Effective January 1, 2011, Illinois employers who perform background checks or otherwise inquire about credit history as part of the recruitment process or in making other employment decisions must comply with the Illinois Employee Credit Privacy Act (IECPA), which generally prohibits inquiry into and consideration of an applicant or employee’s credit history to make decisions concerning employment, including with respect to recruiting, discharge, compensation and other terms and conditions of employment. The IECPA restricts use of a broad range of credit information without regard to the source of such information, and is not limited to credit information that is obtained from a consumer reporting agency.
The new law provides certain exemptions which will allow employers to continue to consider an applicant’s or employee’s credit history in a variety of situations. The IECPA permits an employer to inquire about and make decisions using an individual’s credit history if a good credit history is an established “bona fide occupational requirement” (BFOR) of the position at issue, which generally means that the position involves money-handling or other confidential job duties. Specifically, the IECPA provides that credit information is a BFOR and may be considered for applicants and employees where the position at issue: (1) must be bonded as a requirement under state or federal law; (2) involves custody of or unsupervised access to cash or marketable assets valued at $2,500 or more; (3) has signatory power over business assets of $100 or more per transaction; (4) is a managerial position which involves setting direction or control of the business; (5) involves access to personal or confidential information, financial information, trade secrets or state or national security information; or (6) is one for which a credit history is otherwise required by or exempt under federal or state law. Additional exemptions may be created as a result of regulations promulgated by the Illinois Department of Labor.
The IECPA applies to Illinois employers without regard to size. However, employers in certain industries are specifically excluded from the statute’s coverage, including state and federal law enforcement and investigative agencies, banks and other financial institutions, insurance and surety companies, and debt collectors.
Significantly, the IECPA does not limit an employer’s ability to consider other “non-credit” background check information. For instance, driving record reports, educational records, prior employment references and other non-credit information still may be used for legitimate employment purposes (i.e., not for discriminatory purposes) so long as the employer obtains such information in keeping with the requirements of the Fair Credit Reporting Act.
IECPA provides for a private right of action by persons injured by a violation of the law. A person who prevails in an IECPA action may obtain injunctive relief and/or damages, including recovery of costs and reasonable attorneys’ fees.

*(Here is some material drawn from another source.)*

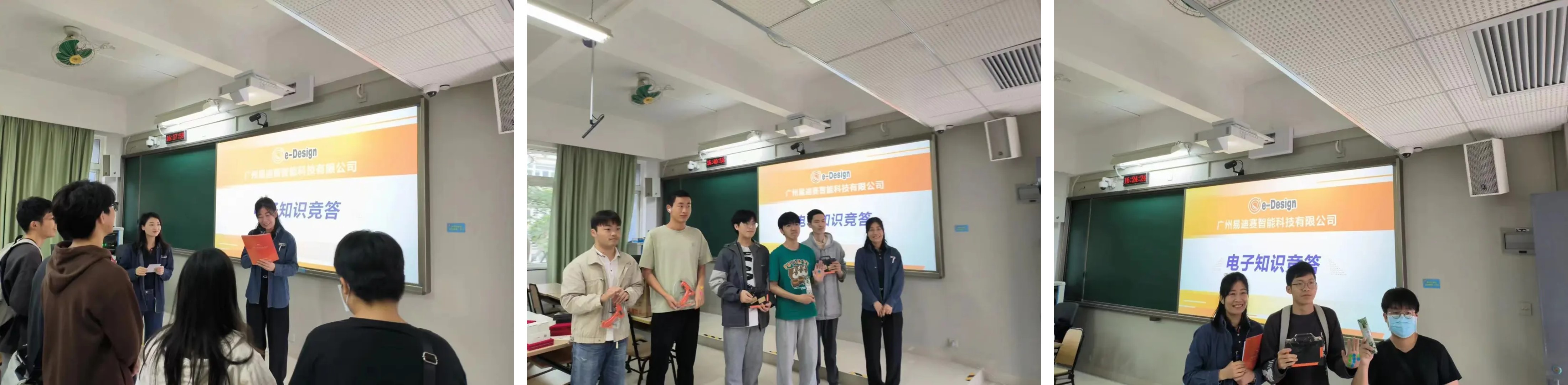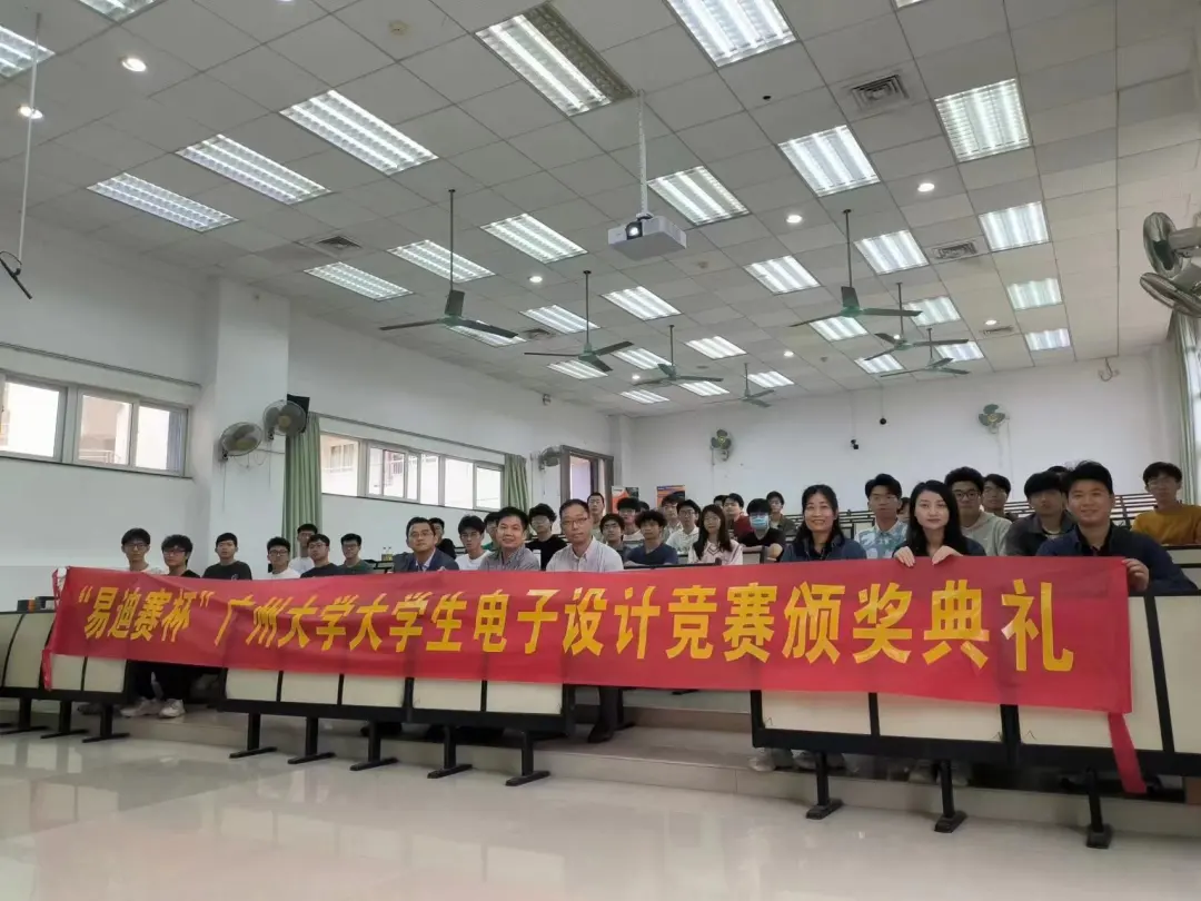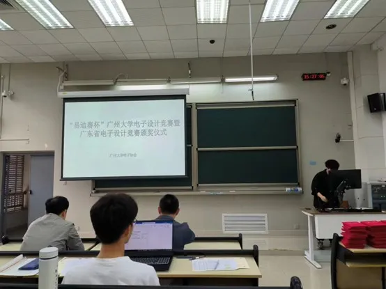 副院长曾衍瀚、冯锦澎老师以及赞助商“广州易迪赛智能科技有限公司”代表张丽慧女士和黄琴女士分别为“易迪赛杯”和广东省电子设计竞赛的一等奖、二等奖、三等奖进行颁奖。
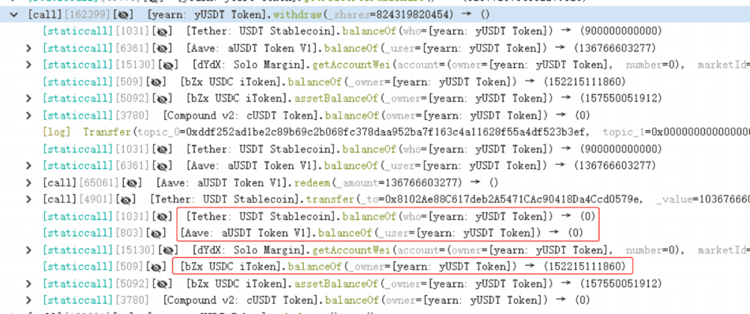 6.随后,攻击者调用yearn: yUSDT Token合约的withdraw函数提取质押资金,此时合约中仅有攻击者之前质押的90万Tether: USDT Stablecoin、初始的13万Aave: aUSDT Token V1以及攻击者转入的15万bZx USDC iToken,而如果一个池子中代币不足的话,会按顺序提取后续池子的代币,此时攻击者将90万Tether: USDT Stablecoin以及13万Aave: aUSDT Token V1全部提取出来,经过本次操作,合约中仅有15万bZx USDC iToken。

Multiple steps should be taken to ensure compliance with this law. First, employers should analyze their existing job positions to determine which positions fall within the law’s exceptions and, thus, may permissibly involve consideration of an applicant’s or employee’s credit history. Second, employers should review materials such as employment applications, background check consent forms, interview guides and the like to ensure that no questions about credit history are asked and no request for information concerning the individual’s credit is made except in situations satisfying the law’s exceptions. A similar review should be conducted concerning post-hire employment materials, such as promotion interview guides, to ensure that prohibited questions are not asked. Finally, employers should update all managers who play a role in making employment decisions concerning the law’s requirements to ensure they know how to comply.